So now that Comrades McKinney and Magary have taken up sides on Denmark (McKinney unilaterally declared herself a de facto Danish citizen) and England (Magary seized an uninhabited island in the North Atlantic to pretend that it was still 1583), and now that we have dragged Billy Shakesbergsen through the dirt to torture the analogy further, what’s left to do with today’s match?
Look ahead to Italy, of course. The first finalist. The team that uses hand signals as often as it uses feet, gets in the referee’s face at every opportunity even when the call has gone in its favor, and whose passage to the final came through the always ass-achingly bad penalty shootout to get past Spain. They gave us one final Álvaro Morata sad face, and that’s a brain imprint that never goes away.
Italy. My country … well, the country of my ancestors, anyway. The team that will make this all moot in the end.
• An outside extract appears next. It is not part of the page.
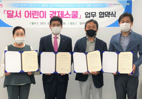 대구 달서구(구청장 이태훈)는 6월 3일 구청 회의실에서「달서 어린이 경제스쿨」운영을 위해 경북대 대구지역경제교육센터(센터장 오영수) 및 전통시장 상인회(월배시장 손병식 회장, 와룡시장 윤선주 회장)와 업무협약을 체결했다고 밝혔다.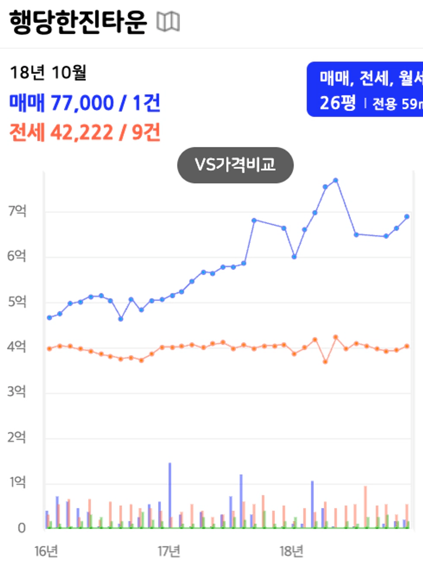 [성동구 행당한진타운- 17년 후반 7억 가까이 거래된 가격이 18년 6억까지 떨어짐]

The Italian soccer heritage is deep and long, and lately dominated by bankruptcies and corruption. You know, standard stuff for the fellas. It has the only non-Spanish team (Juventus) that still believes in the disgrace of the Super League even as the coroner is digging through its entrails to find his watch. Better yet, the side is a hilariously messy crosscurrent of oddly timed boldness and lockdown defense. Hell, its coach, the megacontinental Roberto Mancini, has used the word “fun” as one of the team’s goals, which is definitely the one thing the Italian soccer heritage has never really tried until now.
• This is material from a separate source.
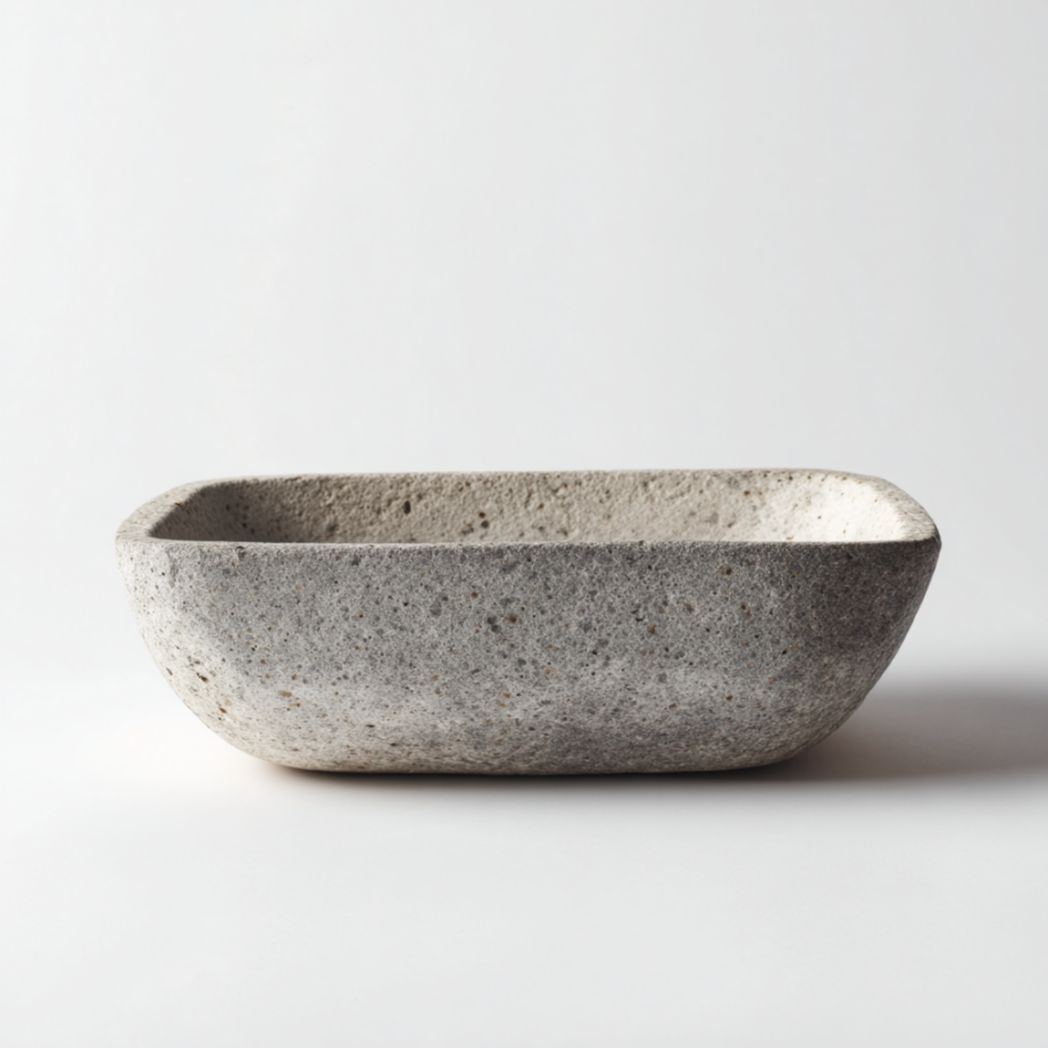 Vasque à poser ovale allongée en pierre naturelle grise

Its goalkeeper, Gianluigi Donnarumma, makes Zlatan Ibrahimovic seem like a man with self-esteem issues. One of its best forwards is named Immobile, the fellow who struck the winning spot kick against Spain is named Jorginho, and their top two defenders, Giorgio Chiellini and Leonardo Bonucci, have played with the national team since 1957. They are intrepid in attack and Sicilian in defense simultaneously, and either way will figure out a way to steal your joy.
Italy has strung together a 27-match unbeaten streak and yet was almost never considered a tournament favorite because what it lacks in boyish charm, it makes up for in no longer being as stolid as, say, the Russians, Czechs or Scots. It is, in short, kind of a hot and brilliant combination of influences that ground its way through a relatively tepid group (Turkey, Switzerland and Wales) before easing past Austria, Belgium and Spain. Theirs has not been a tour of the group of death, and their claim for aesthetic superiority took a hit when Spain played them off the park everywhere but on the score line. Italy, sadly and gloriously, is what it is.
In addition, the Italians lack the Christian Eriksen narrative and America’s own Premier League–fueled Anglobiases, so either way the boys of the boot will not be the popular choice come Sunday. And you cannot have a proper rooting interest unless you have a team that works against that rooting interest. The Defector Soccer Desk is clearly all-in on England-Denmark, so someone has to take the side of the noisy neighbors, if only to provide some needed editorial balance (Comrade Ley rooted for the Isle of Man because he likes their three-legged flag, but that’s still within the English margin for error).
So make England-Denmark your match of choice, but only know that in the end, there will be Italy, laughing, half-plowed and thoroughly, lovably obnoxious until the final whistle, or until Taylor Twellman stops talking, which will be some time Tuesday.